Thank you @suzannejin, this all sounds pretty good. In an ideal world we'd just be iterating profiles, but since that's not a thing, making something that looks as close to that as possible is a good plan.

I'd say go for it and we'll have a full discussion on the PR when it's finalised.

pinin4fjords avatar Oct 10 '25 13:10 pinin4fjords

I like the suggestion!

I'm wondering if we should even support the parameter inheritance with include. On the one hand, it can be used to make the configuration modular, on the other hand

  • it makes it harder for users to reason about a paramset. For instance, in this example Image you have (at least!) three places you need to check to understand what parameters you might have in the resolved config.

  • it can become tricky to implement and a potential source of bugs. For instance, some possible edge cases:

    • long hierarchies: you inherit from one paramset that inherits from another
    • multi-inheritance: you inherit from multiple different profiles, what will take precedence?
    • to make it even more complex, say A inherits from B, D and B inherits from D. Now what takes precedence?
    • simple key-value pairs are straightforward to override, but maybe there could be lists or nested objects? Entire libraries have been written for that! e.g. hiyapyco.

grst avatar Oct 10 '25 14:10 grst

Hi @grst I see your concern. I wonder if there is an alternative though, maybe by limiting the scope of the include function or something? Cuz, without any include, I think it would be a hell for the users to copy paste all the parameters from the default "profiles" in this new paramsheet into their custom paramsheet.

suzannejin avatar Oct 22 '25 12:10 suzannejin

I think it would be a hell for the users to copy paste all the parameters from the default "profiles" in this new paramsheet into their custom paramsheet.

Is it so bad though? I'd imagine we'd have a predefined profile for, say, "RNAseq with DESeq2". If someone wants to adjust that they'd have to copy from a single entry only.

grst avatar Oct 23 '25 05:10 grst

I really think the inclusion functionality is important, otherwise you end up duplicating a bunch of stuff.

pinin4fjords avatar Oct 23 '25 13:10 pinin4fjords

DRY isn't absolute, I really think it needs to be balanced against additional complexity.

Can we come up with an example what would such a config file realistically look like with or without inclusion mechanism? And if it turns out to be a big benefit can there be constraints, e.g. only key-value pairs supported, no multiple inheritance, etc.?

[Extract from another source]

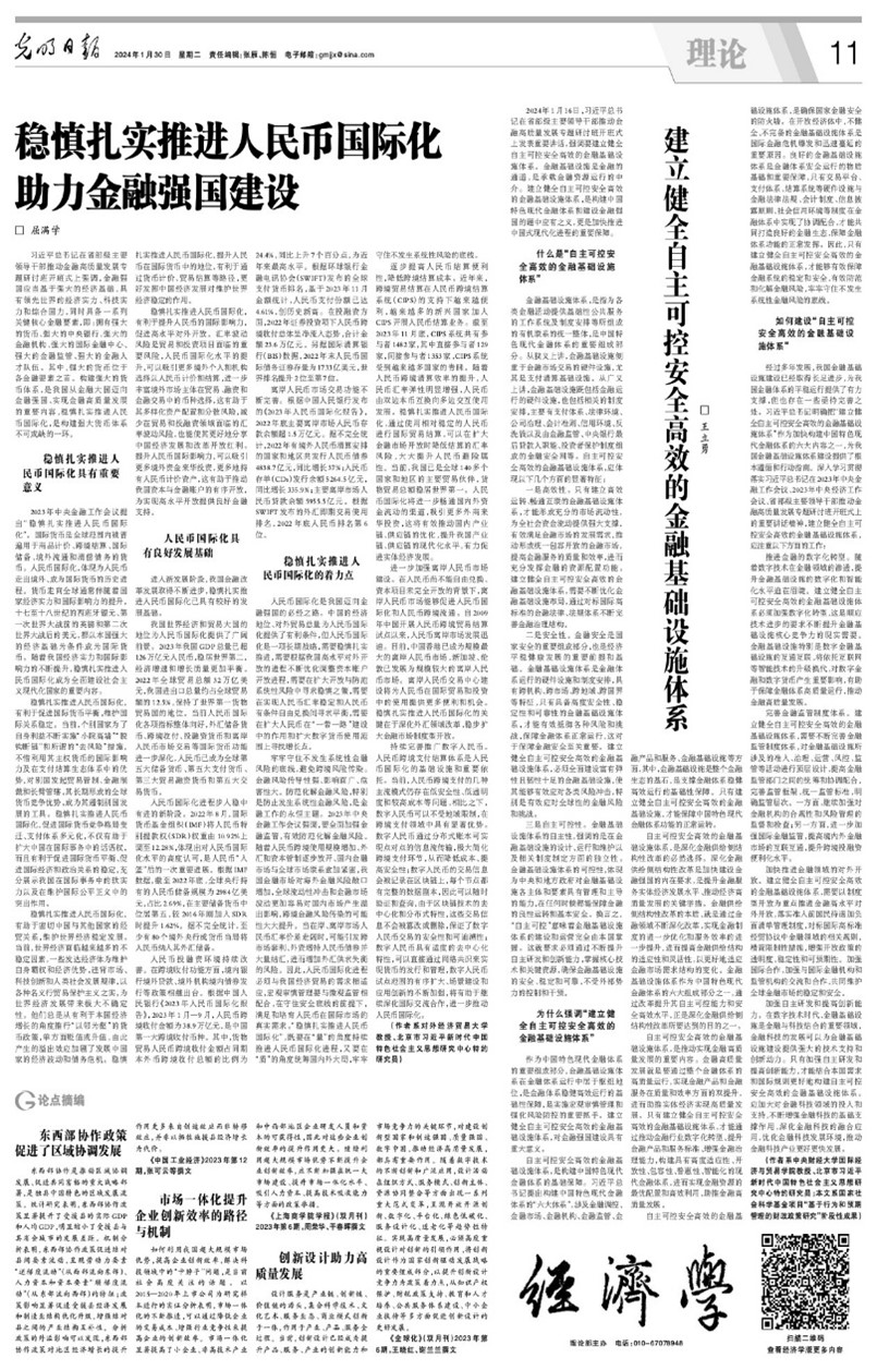 1月30日,《光明日报》理论版刊发AC米兰米官网科研处处长王立勇教授署名文章---《建立健全自主可控安全高效的金融基础设施体系》。

grst avatar Oct 23 '25 15:10 grst

Hello @pinin4fjords @grst @SusiJo @mirpedrol

So #470 has all the main implentations and changes needed for it to work, and enable parallel running of multiple analytical paths. All the tests pass now.

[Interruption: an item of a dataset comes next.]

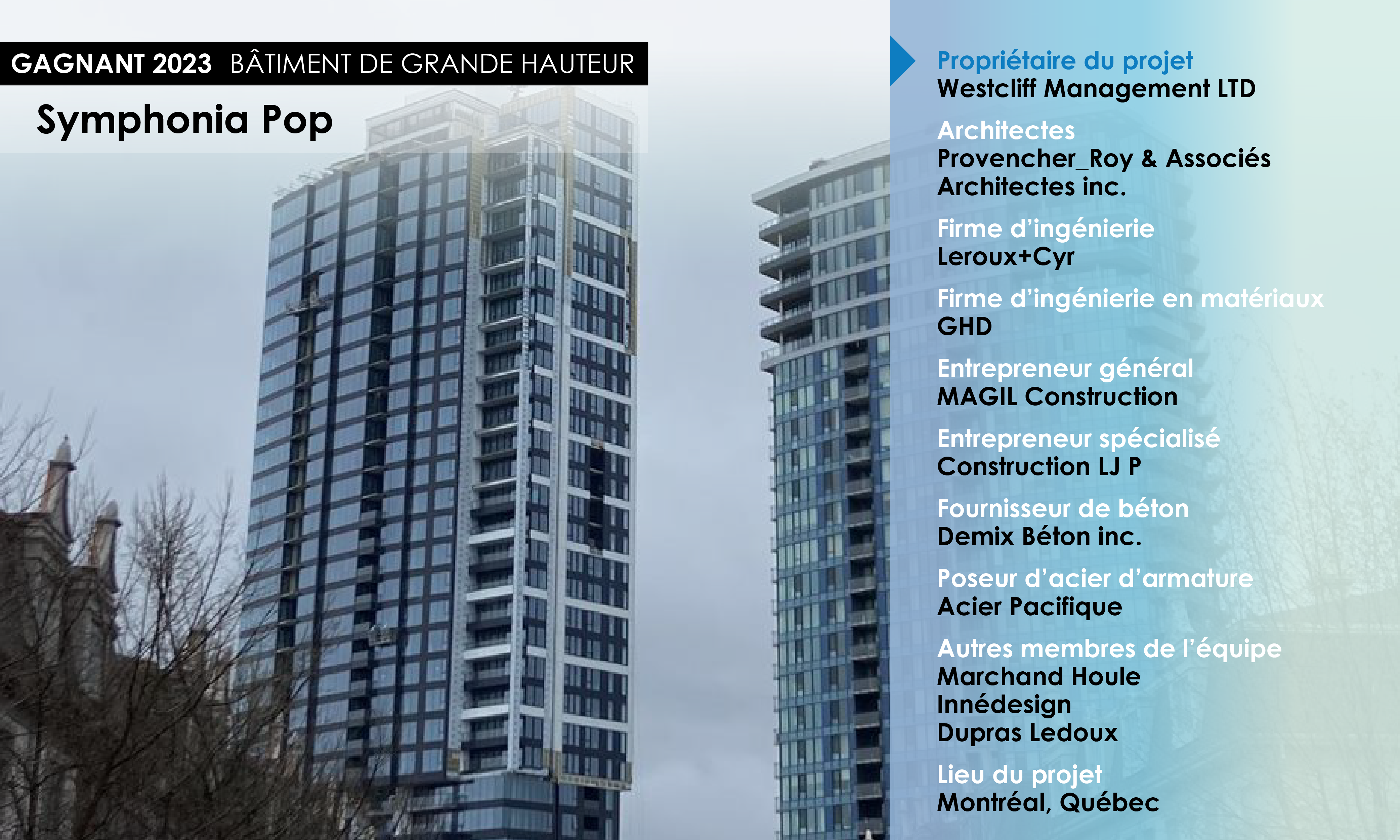 Le béton armé a été d’une importance capitale dans la conception de la tour Symphonia POP. L'essence même du concept architectural reposait sur son utilisation. Il aura permis, entre autres, d’introduire astucieusement tous les jeux de façades, d'asseoir les étages hors sols sur une trame structurale très irrégulière, de permettre des ajustements d’élévations importants dans l’intégration du bâtiment avec le niveau du sol naturel et la phase existante et de construire une fondation suffisamment rigide pour éviter l’utilisation de pieux-caissons sous l’emprise de la tour.

I have also tried in #548 to simplify the paramsheet include mechanism to remove multi-inheritance, but long hierarchies are still allows. I think this is fine.

In #547 there is the version without include functionality at all. But myself I found it hard to work copy-pasting all the time. Indeed, I ended up breaking some tests, because when copy pasting I may copied from the wrong side, etc.

We could further discuss about this during the hackathon :)

suzannejin avatar Oct 27 '25 13:10 suzannejin